### Records for this exercise
★ ★ ★
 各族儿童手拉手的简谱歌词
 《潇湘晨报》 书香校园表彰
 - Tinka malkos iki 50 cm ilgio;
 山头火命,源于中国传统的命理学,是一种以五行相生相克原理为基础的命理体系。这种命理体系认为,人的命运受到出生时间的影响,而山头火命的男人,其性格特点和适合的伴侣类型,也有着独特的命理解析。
★ ★ ★
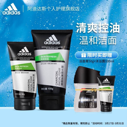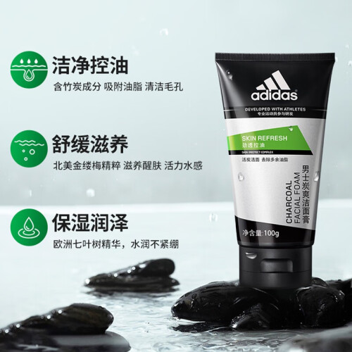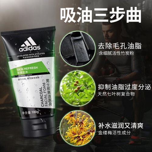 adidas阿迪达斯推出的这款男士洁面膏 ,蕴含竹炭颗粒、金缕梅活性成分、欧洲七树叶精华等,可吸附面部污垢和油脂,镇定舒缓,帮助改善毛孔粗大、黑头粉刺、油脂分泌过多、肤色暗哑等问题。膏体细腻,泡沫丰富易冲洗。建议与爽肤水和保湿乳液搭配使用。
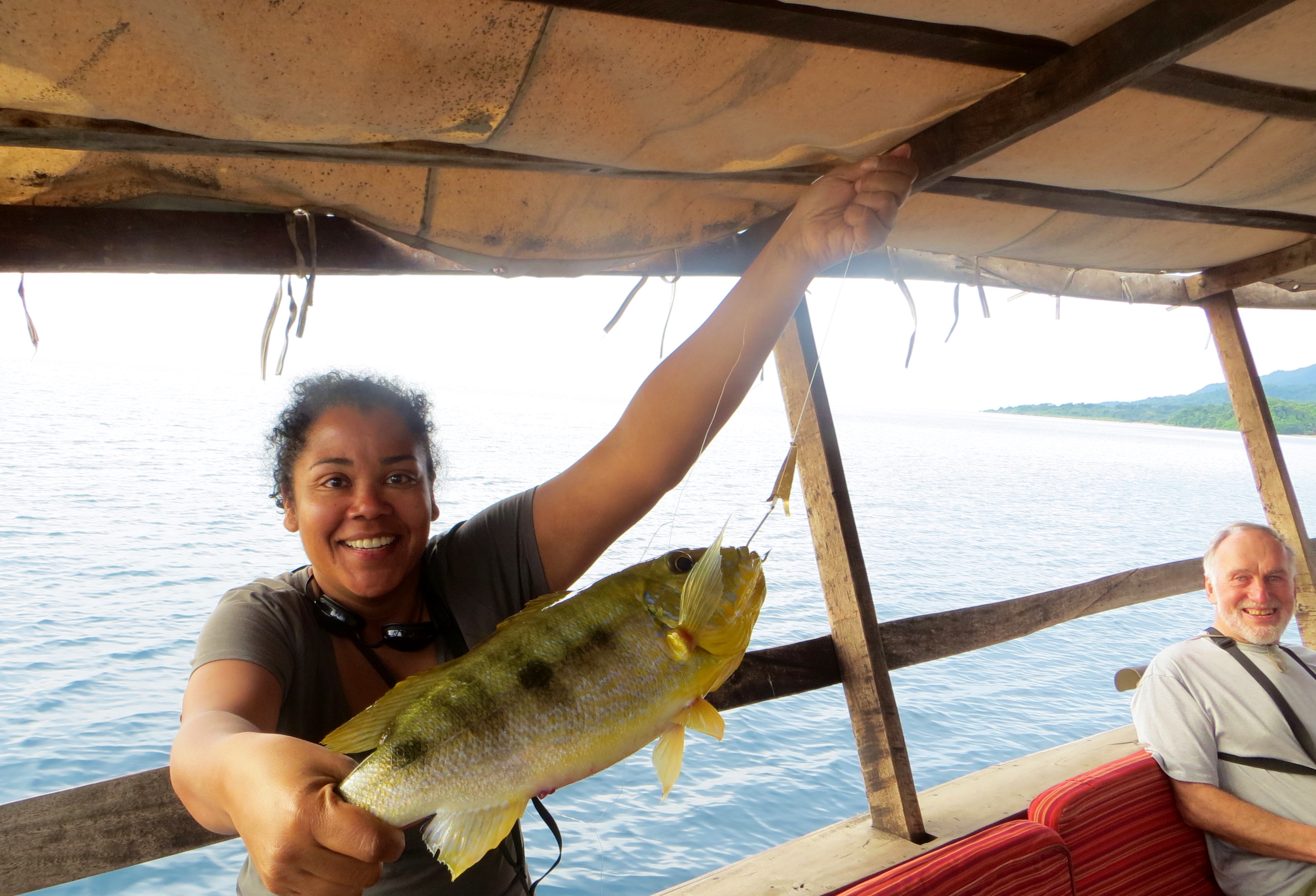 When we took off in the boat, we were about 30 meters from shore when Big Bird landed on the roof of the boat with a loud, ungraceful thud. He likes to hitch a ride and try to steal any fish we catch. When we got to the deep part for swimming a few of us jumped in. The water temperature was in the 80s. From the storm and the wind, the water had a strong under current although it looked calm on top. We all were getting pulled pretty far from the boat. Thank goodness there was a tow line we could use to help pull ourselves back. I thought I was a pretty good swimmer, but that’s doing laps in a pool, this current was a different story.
★ ★ ★
### Problem description
In the listing above, find the line containing "各族儿童手拉手的简谱歌词" and the line containing "山头火命,源于中国传统的命理", then retype both and every line between them exactly, with nothing else.

### Written answer
 各族儿童手拉手的简谱歌词
 《潇湘晨报》 书香校园表彰
 - Tinka malkos iki 50 cm ilgio;
 山头火命,源于中国传统的命理学,是一种以五行相生相克原理为基础的命理体系。这种命理体系认为,人的命运受到出生时间的影响,而山头火命的男人,其性格特点和适合的伴侣类型,也有着独特的命理解析。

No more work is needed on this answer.